It's easy to lose track of time when you allow yourself to get carried away while playing video games — but intriguingly, that effect appears to be far more noticeable when gaming in virtual reality.

A team of researchers at the University of California, Santa Cruz, found that time flies by when playing while wearing a VR headset as compared to playing the same game on a two-dimensional screen.

In an experiment, as detailed in a paper published in the journal Timing & Time Perception, research assistant Grayson Mullen and psychology professor Nicolas Davidenko found that participants had a much harder time gauging how fast time passed when playing a game in VR.

Participants playing the same game — a simplified maze puzzle — on a screen in front of them were good at estimating when they believed five minutes had passed without access to a clock.

Those playing in VR, though, played for an average of 72.6 seconds longer before signaling to the researchers when they believed five minutes had passed.

"This is the first time we can really isolate that it's not just that you’re playing a video game, or the content of whatever you're seeing," Mullen said in a statement. "It's really the fact that it is virtual reality versus a conventional screen that contributes to this time compression effect."

As its name suggests, time compression is the effect when time goes by faster than we think.

The researchers suggest that the effect could be the result of the fact that you are less aware of your physical body inside VR.

"In virtual reality, when you look down, you might see nothing where your body normally would be, or you might see a schematic of a body, but it won't feel like your body," Davidenko, co-author of the paper, said in the statement.

"There are theories that we may rely on our heartbeat and other bodily rhythms to help our brain track the passage of time, so if you have a less vivid sense of your body in virtual reality, you might be missing the pulses of this timekeeping mechanism."

It's an exciting conclusion, but any results should be taken with a grain of salt.
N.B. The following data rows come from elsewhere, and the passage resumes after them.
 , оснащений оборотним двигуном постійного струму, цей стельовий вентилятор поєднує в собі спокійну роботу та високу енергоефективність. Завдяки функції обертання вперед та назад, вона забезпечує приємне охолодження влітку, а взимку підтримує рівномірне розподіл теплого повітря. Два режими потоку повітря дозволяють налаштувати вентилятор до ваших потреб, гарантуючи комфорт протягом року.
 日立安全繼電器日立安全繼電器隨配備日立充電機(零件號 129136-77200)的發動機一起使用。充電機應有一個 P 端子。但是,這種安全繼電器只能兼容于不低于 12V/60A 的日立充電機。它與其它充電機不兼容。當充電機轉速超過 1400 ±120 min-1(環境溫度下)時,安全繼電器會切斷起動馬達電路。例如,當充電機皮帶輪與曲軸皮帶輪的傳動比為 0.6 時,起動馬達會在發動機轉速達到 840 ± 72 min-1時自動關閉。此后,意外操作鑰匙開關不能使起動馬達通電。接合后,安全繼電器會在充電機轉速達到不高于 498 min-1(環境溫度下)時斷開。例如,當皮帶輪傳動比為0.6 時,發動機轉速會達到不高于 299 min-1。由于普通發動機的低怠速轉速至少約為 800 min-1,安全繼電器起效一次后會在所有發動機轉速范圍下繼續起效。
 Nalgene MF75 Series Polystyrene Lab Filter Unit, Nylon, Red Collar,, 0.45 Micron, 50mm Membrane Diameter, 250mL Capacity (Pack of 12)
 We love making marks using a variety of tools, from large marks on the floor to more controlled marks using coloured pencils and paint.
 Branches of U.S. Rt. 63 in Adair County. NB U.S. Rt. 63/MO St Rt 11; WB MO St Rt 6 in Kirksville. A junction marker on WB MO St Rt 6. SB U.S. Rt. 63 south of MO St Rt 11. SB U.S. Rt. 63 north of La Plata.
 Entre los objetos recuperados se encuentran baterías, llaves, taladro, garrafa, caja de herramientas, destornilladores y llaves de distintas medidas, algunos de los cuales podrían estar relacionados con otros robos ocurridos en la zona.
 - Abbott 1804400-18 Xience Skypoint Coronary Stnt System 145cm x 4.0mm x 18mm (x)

There's still a lot we don't know about "time compression" and Mullen's experiment is also not bulletproof.

For instance, participants were asked to play the game in both VR and on a conventional screen, one after the other, with the order being picked at random. Time compression only occurred for those who played the game in VR first.

That means participants may have made their best guess during the second round based on the estimation in the first round, as the researchers note in their paper.

If the effect holds up more generally, though, losing yourself inside virtual reality could also have some negative consequences.

"As virtual reality headsets get more comfortable to wear for longer periods of time, and as more immersive games are made for this format, I think it would be good to avoid having it become like a virtual casino, where you end up playing more because you don't realize how much time you're spending," Mullen said in the statement.

In any event, virtual reality has proven time and time again that it can be incredibly immersive — a quality that comes with its own risks and rewards.